# YOUR TASK
Pictures are to be left out; everything else in the records must be repeated exactly.

# SOURCE MATERIAL
Content starts
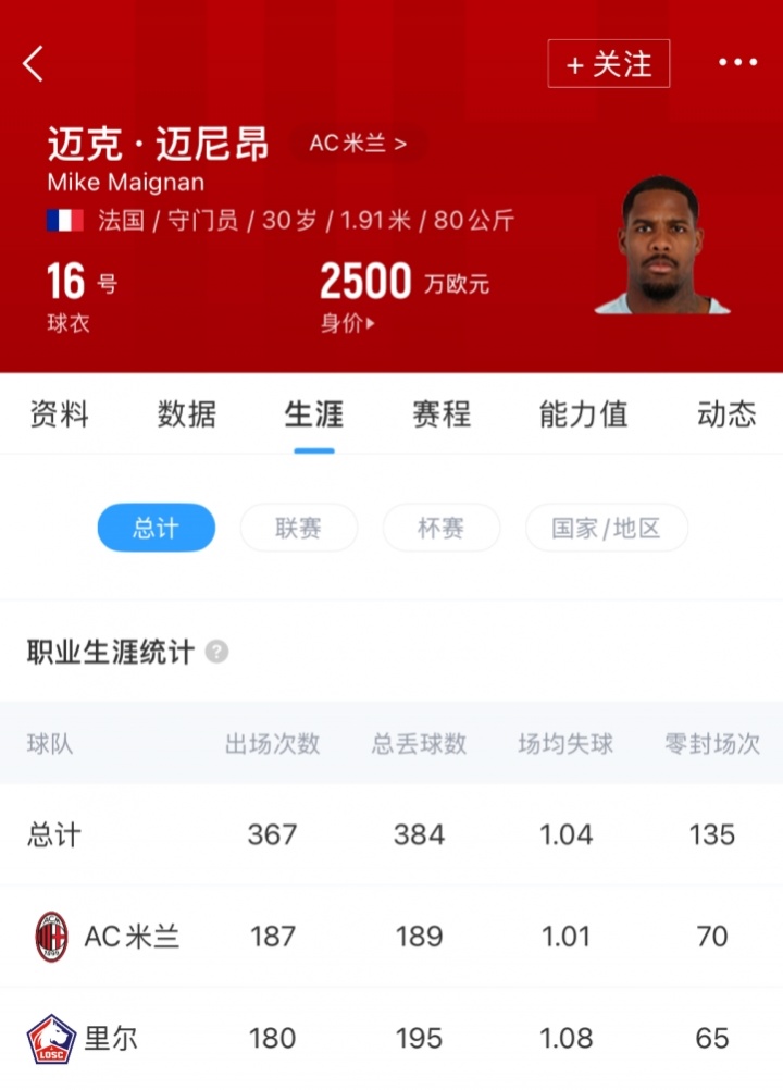 迈尼昂现年30岁,球员现德转估值2500万欧,本赛季,他代表米兰各赛事出战24场,做到11次零封。
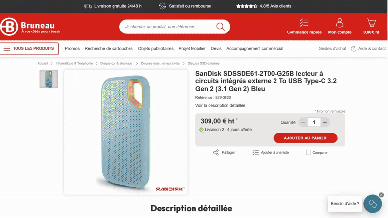 A great example appears on Bruneau’s product pages for storage devices such as the SanDisk Extreme Portable NVMe SSD.
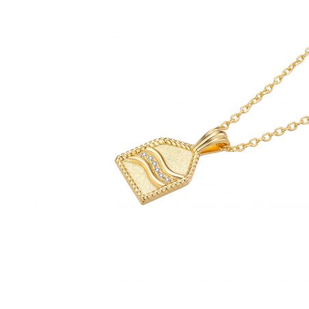 Le Collier Ondine s’inspire de la puissance apaisante de l’eau en mouvement. Son pendentif en forme de pentagone se distingue par une finition délicatement brossée et un contour torsadé rappelant le mouvement fluide des vagues. Au cœur du bijou, trois lignes élégantes symbolisent un courant harmonieux, dont la centrale est sublimée par 6 diamants naturels, scintillant tels des gouttelettes de lumière.
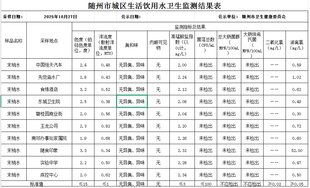 【生活用水監測信息.圖表】10.27隨州市城區生活飲用水衛生監測結果公示
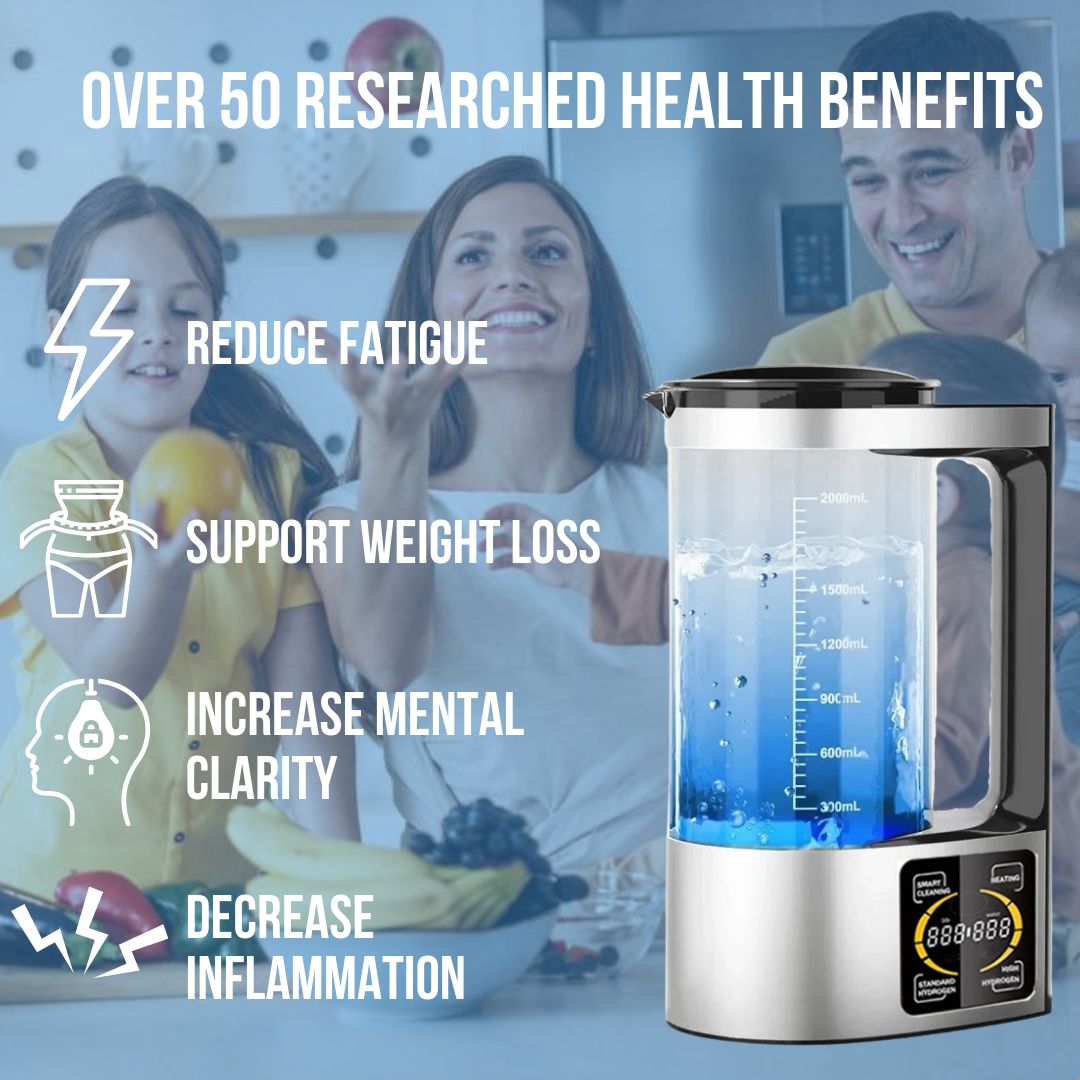 Improve your daily hydration routine with hydrogen-infused water: a miraculous antioxidant backed by over 1400 published studies showcasing its multitude of health benefits.
Content ends
# ANSWER
 迈尼昂现年30岁,球员现德转估值2500万欧,本赛季,他代表米兰各赛事出战24场,做到11次零封。
 A great example appears on Bruneau’s product pages for storage devices such as the SanDisk Extreme Portable NVMe SSD.
 Le Collier Ondine s’inspire de la puissance apaisante de l’eau en mouvement. Son pendentif en forme de pentagone se distingue par une finition délicatement brossée et un contour torsadé rappelant le mouvement fluide des vagues. Au cœur du bijou, trois lignes élégantes symbolisent un courant harmonieux, dont la centrale est sublimée par 6 diamants naturels, scintillant tels des gouttelettes de lumière.
 【生活用水監測信息.圖表】10.27隨州市城區生活飲用水衛生監測結果公示
 Improve your daily hydration routine with hydrogen-infused water: a miraculous antioxidant backed by over 1400 published studies showcasing its multitude of health benefits.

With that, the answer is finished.